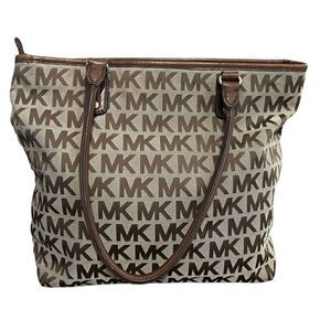 Trendy spacious bag, MK logo print, brown leather trim, gold hardware, MK medallion, double handle, zip closure
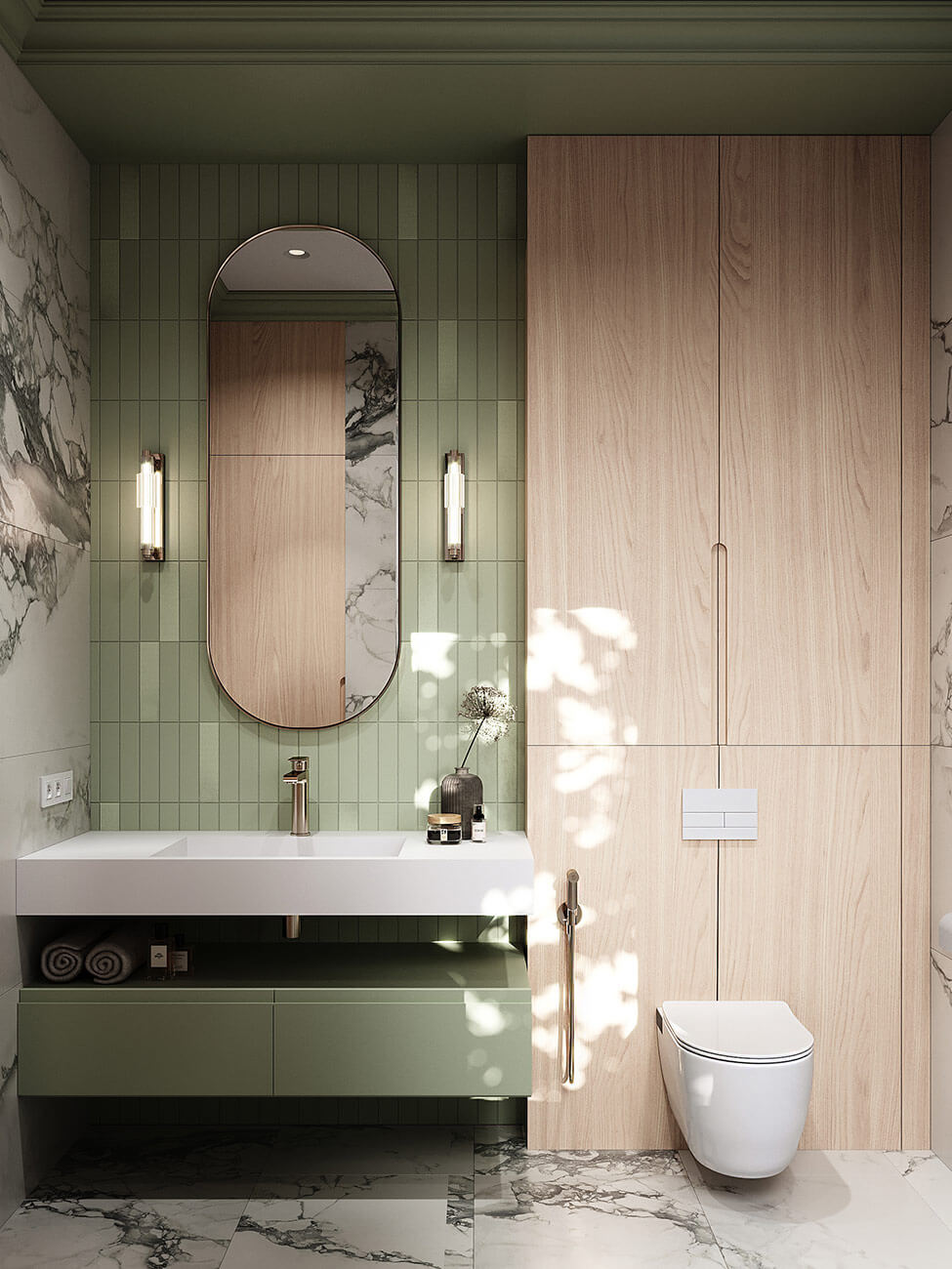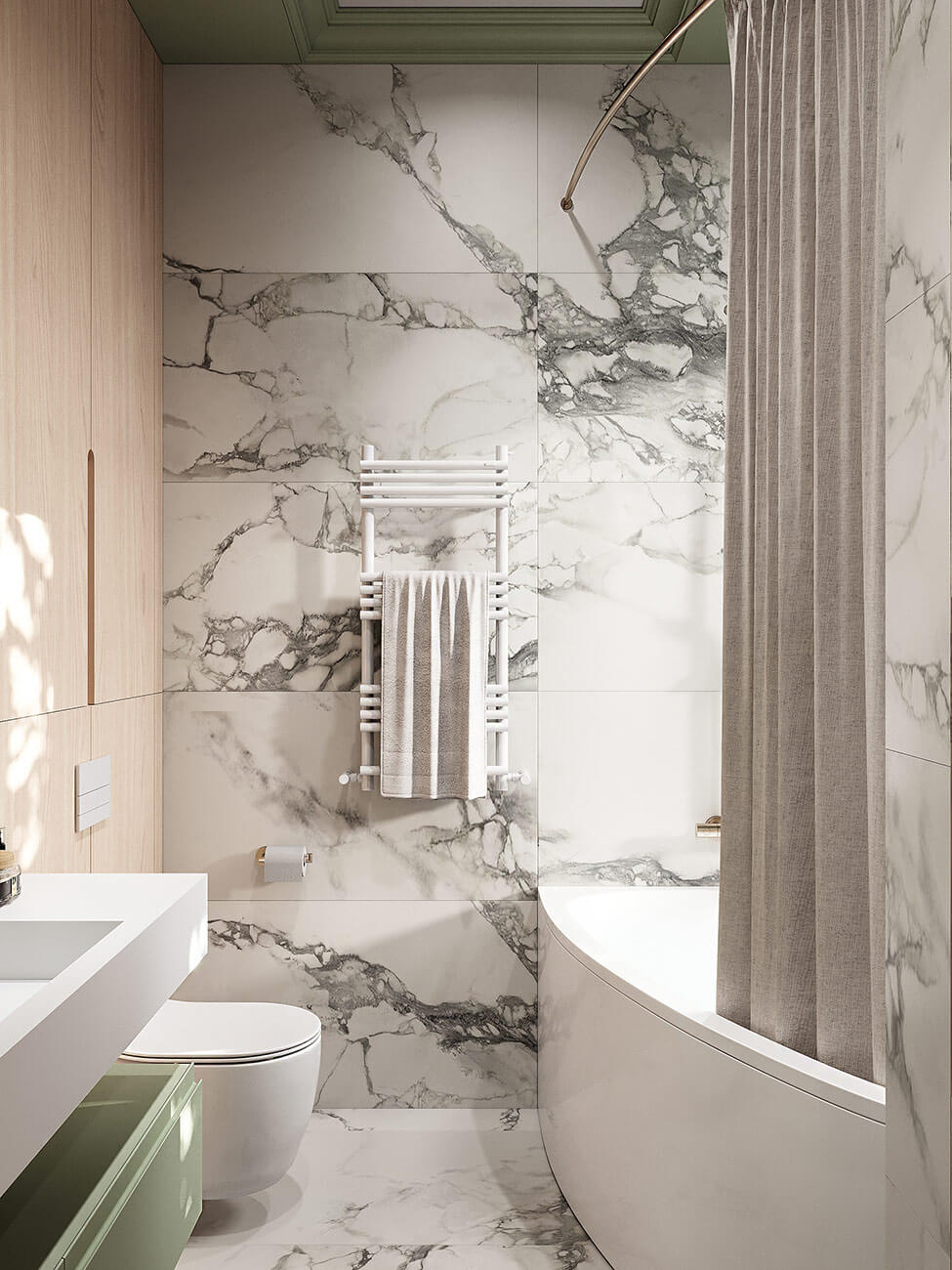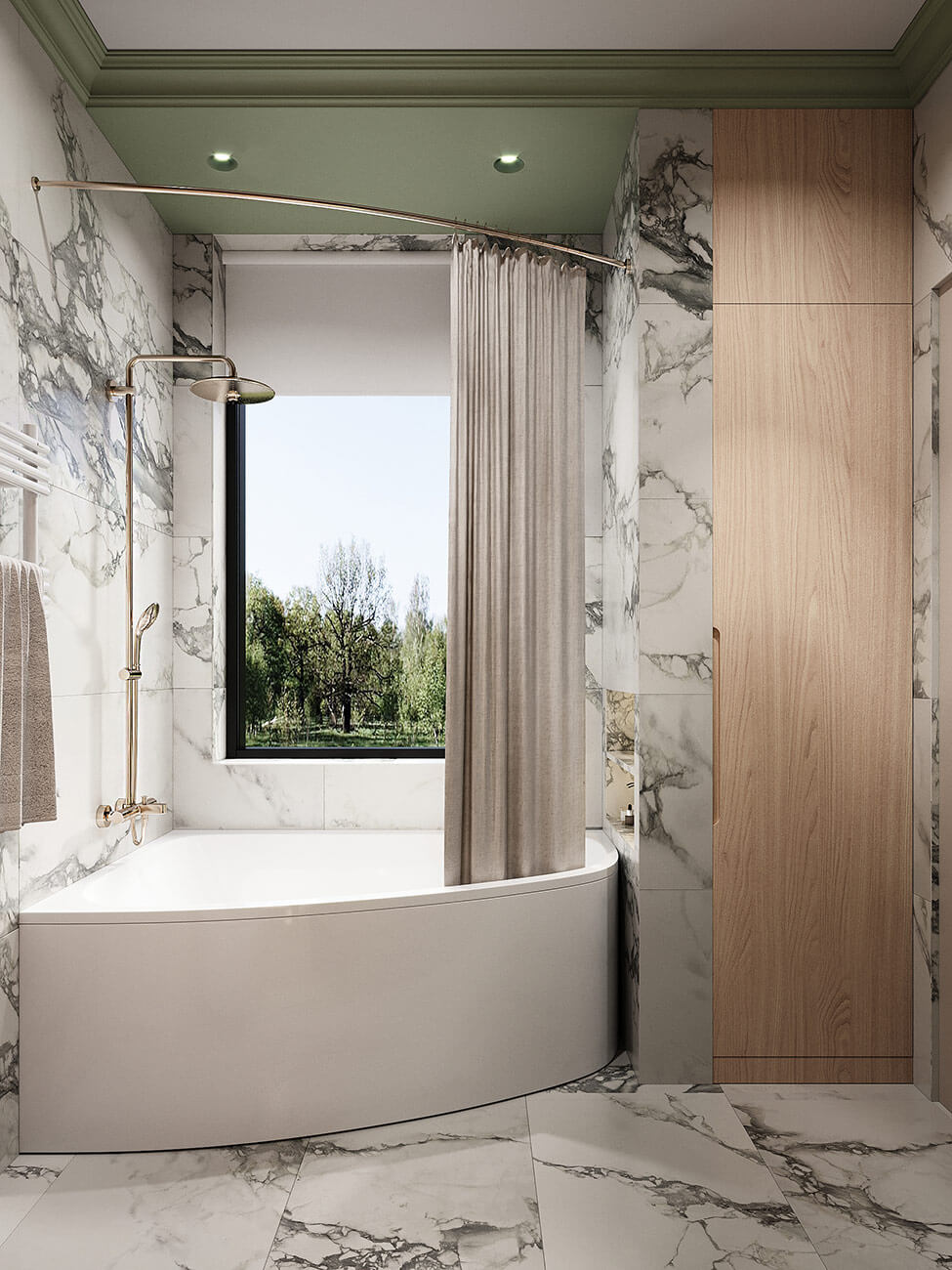 Так как у нас хозяйская спальня – это мастер спальня. Здесь конечно же есть отдельная ванная комната, площадью 6,5 м2. В отделке был выбран синтез из крупноформатного керамогранита под мрамор, как база, и мелкоформатной зеленой плитки, как акцент. Обратите внимание на потолок. Ванную я разделила на три части: мойка - сан.узел – транзит или проход – сама ванна и шкаф для хранения. В зоне мойки и сан.узла, а также ванны и шкафа потолок опущен вниз, и выкрашен в зеленый цвет плитки.
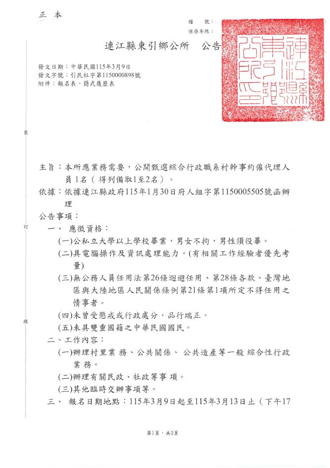 東引鄉公所第二次村幹事約僱職代公告
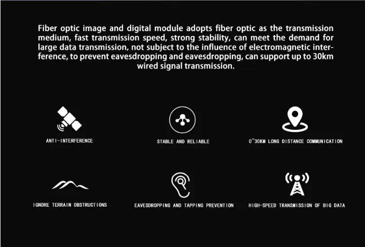 Эта профессиональная оптическая система передачи данных, интегрированная в БПЛА (с катушкой оптоволокна), поддерживает гибкие диапазоны (от 3 до 40 км). Благодаря высокой надежности и компактной конструкции, она обеспечивает стабильную передачу данных на средних и коротких расстояниях, отвечая строгим требованиям промышленных задач к помехоустойчивости и пропускной способности.
※
**Task to complete**:
Without including any image, reproduce the full listing above as written.

**Output below**:
 Trendy spacious bag, MK logo print, brown leather trim, gold hardware, MK medallion, double handle, zip closure
 Так как у нас хозяйская спальня – это мастер спальня. Здесь конечно же есть отдельная ванная комната, площадью 6,5 м2. В отделке был выбран синтез из крупноформатного керамогранита под мрамор, как база, и мелкоформатной зеленой плитки, как акцент. Обратите внимание на потолок. Ванную я разделила на три части: мойка - сан.узел – транзит или проход – сама ванна и шкаф для хранения. В зоне мойки и сан.узла, а также ванны и шкафа потолок опущен вниз, и выкрашен в зеленый цвет плитки.
 東引鄉公所第二次村幹事約僱職代公告
 Эта профессиональная оптическая система передачи данных, интегрированная в БПЛА (с катушкой оптоволокна), поддерживает гибкие диапазоны (от 3 до 40 км). Благодаря высокой надежности и компактной конструкции, она обеспечивает стабильную передачу данных на средних и коротких расстояниях, отвечая строгим требованиям промышленных задач к помехоустойчивости и пропускной способности.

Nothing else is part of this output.